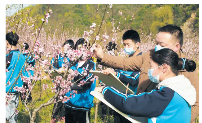
3月28日，郧阳区鲍峡中学组织该校八（7）班美术兴趣小组学生来到鲍峡镇西村观景桃园，开展写生活动。

康伟教授从“深刻认识理论名称”“全面领会理论内涵”“准确把握理论定位”等三个方面展开宣讲，图文并茂、深入浅出，既有对习近平新时代中国特色社会主义思想形成过程的系统回顾，也有对现实政治生活重大意义的深刻解读，使全体党员对习近平新时代中国特色社会主义思想有了更加全面的认识和更理解，也为学校发展注入了担当作为的精神动力。
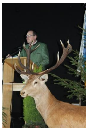
Le « nouveau » président d'honneur
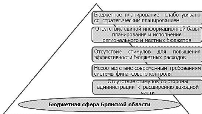
Рис. 3. Концептуальные проблемы бюджетной сферы Брянской области

Для модернизации системы управления в бюджетном секторе необходимо устранить ряд проблем, имеющих место в регионе. Концептуальные проблемы региона изображены на рис. 3.
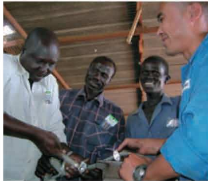
2006年スーダン南部、整備工場のスタッフと作業風景

③カオイダン・難民キャンプなどでは、技術訓練とはいえ、社会性、福祉性を取り入れて、訓練生は、女性および女性を家長とする世帯の人、独居の年少者あるいは高齢者、障害者自身や障害者をもつ世帯の人などを優先した。訓練の効率性だけを考えた場合とは訓練生の採り方が異なる。下肢の動かない障害者難民には、バイク・自動車の電気系統修理を学べる機会を作った（対象ユニットが軽く、上半身の働きで作業できるため）。
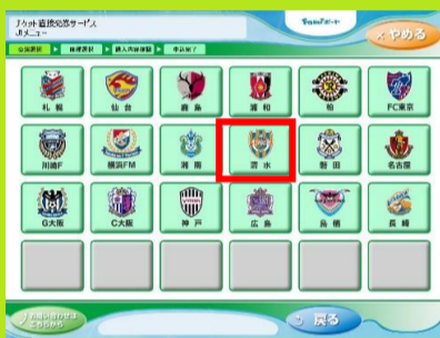
5、「清水エスパルス」を選択します。
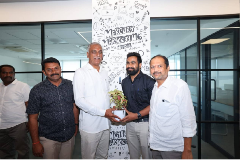
సిద్దిపేట, ఫిబ్రవరి 11 నేటిపత్రిక ప్రజాసీమ: సిద్దిపేటలో ఏర్పాటు చేసిన ఐటీ టవర్ స్థానిక యువతకు ఉద్యోగావకాశాలు కల్పించాలనే లక్ష్యంతోనే నిర్మించామని

మాజీ మంత్రి, ఎమ్మెల్యే హరీష్ రావు తెలిపారు. బుధవారం ఆయన ఐటీ టవర్ను సందర్శించి అక్కడ పని చేస్తున్న యువతతో ముచ్చటించారు. ఐటీ టవర్లో కల్పిస్తున్న సౌకర్యాలు, కంపెనీల పనితీరు, ఉద్యోగుల సమస్యలపై సమగ్రంగా ఆరా తీశారు. సిద్దిపేటలోనే చదువుకుని ఇక్కడే ఉద్యోగాలు సాధించాలనే యువత ఆకాంక్షను నెరవేర్చేందుకు గత ప్రభుత్వ హయాంలో ఐటీ టవర్ను ఏర్పాటు చేసినట్లు హరీష్ రావు గుర్తుచేశారు. ప్రస్తుతం ఐటీ టవర్లో 17 సంస్థలు కార్యకలాపాలు నిర్వహిస్తున్నాయని, సుమారు 350 మంది యువత ఉపాధి పొందుతున్నారని తెలిపారు. అదేవిధంగా సిద్దిపేటలో నైపుణ్యాభివృద్ధి కోసం టాస్క్ శిక్షణ కేంద్రాన్ని కూడా ఏర్పాటు చేసి నిరంతరం శిక్షణ కార్యక్రమాలు నిర్వహిస్తున్నామని పేర్కొన్నారు. పర్యటన సందర్భంగా భద్రతా సిబ్బంది మరియు ఇతర కార్యకర్తలకు జీతాలు అలస్యంగా చెల్లిస్తున్నారన్న ఫిర్యాదులు రావడంతో వెంటనే సంబంధిత అధికారులతో మాట్లాడి జీతాలు చెల్లించాలని ఆదేశించారు. ఐటీ టవర్లోని నాలుగు అంతస్తులను పరిశీలించిన ఆయన, యువత స్థానికంగానే ఉపాధి పొందేలా మరిన్ని సంస్థలను తీసుకురావాలని సూచించారు. స్థానిక యువత నైపుణ్యాలను మెరుగుపరచుకుని ఈ అవకాశాలను సద్వినియోగం చేసుకోవాలని హరీష్ రావు పిలుపునిచ్చారు.

● **Brief**:
Pull every line containing "Концептуальные" from the data.

● **Final answer**:
Рис. 3. Концептуальные проблемы бюджетной сферы Брянской области
Для модернизации системы управления в бюджетном секторе необходимо устранить ряд проблем, имеющих место в регионе. Концептуальные проблемы региона изображены на рис. 3.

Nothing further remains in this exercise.